= Concerto for Orchestra (Higdon) =

2002 composition by Jennifer Higdon

The Concerto for Orchestra is an orchestral composition in five movements by the American composer Jennifer Higdon. The work was commissioned by the Philadelphia Orchestra with contributions from the National Endowment for the Arts, the Philadelphia Music Project, and Peter Benoliel. It was premiered at the Kimmel Center for the Performing Arts in Philadelphia June 12, 2002, with conductor Wolfgang Sawallisch leading the Philadelphia Orchestra.

==Composition==
The Concerto for Orchestra has a duration of roughly 35 minutes and is composed in five numbered movements.

===Instrumentation===
The piece is scored for three flutes (3rd doubling piccolo), three oboes, two clarinets, bass clarinet, two bassoons, contrabassoon, four French horns, three trumpets, three trombones, tuba, harp, piano, celesta, timpani, three percussionists, and strings.

==Reception==
Andrew Farach-Colton of Gramophone praised the Concerto for Orchestra, saying, "One expects a concerto to be virtuosic, and Higdon peppers this one with solos for the first-desk players, while also offering plenty of opportunity for more general orchestral muscle flexing." Reviewing a performance by the Mannes College The New School for Music Orchestra, Allan Kozinn of The New York Times lauded the piece as "accessible but technically demanding" and wrote, "Like the concertos for orchestra by Bartok and Lutoslawski, this is a showpiece that makes demands on every section and often calls for unusual timbres: the quickly descending violin glissandos, which create an almost electronic effect in the third movement, for example, or the eerie bowed percussion sounds that open the fourth." Kozinn further remarked:
Combinations of strings and bells yield a magical, sparkling effect, and some of the woodwind passages approach that spirit from a different direction, with allusions to the brisk descending clarinet lines that animate Bernstein’s "Candide" Overture along the way. But the work is not just a catalog of fancy effects. Ms. Higdon also provides long stretches of fast-bowed, percussion-supported, muscular orchestral writing, particularly in the opening movement and the finale, when both the score and this young orchestra were at their fiery best.

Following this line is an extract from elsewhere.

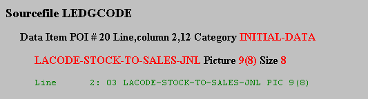 The sample above shows the location of the definition for each data item and the first statement using it.
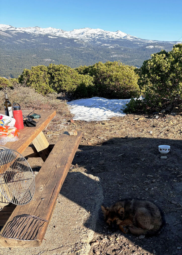 In late January Ken, Steve, and I headed up to Big Hill Lookout, a great place to view the Crystal Range and/or play in the snow as even though it is over 6100’ elevation, the forest service and/or PG&E keep the road plowed. We have had a really good snow year so it was fantastic to get up to see it, especially on such a beautiful day. This is a spot we have come to over the years for great day trips and for a few camp trips. We did not see or hear another person all day except for when we walked out to the observation deck. Puppy was super good, even though he was super young at the time.

Conversely, Andrew Clements of The Guardian called the piece "supremely forgettable" and "an example of American contemporary music at its most vacuous, a noisy mishmash of early 20th-century styles".

== Recordings ==
The first recording of this work was released by Telarc on March 23, 2004 with a recording of Higdon's work City Scape (2002). It was performed by the Atlanta Symphony Orchestra under the baton of Robert Spano.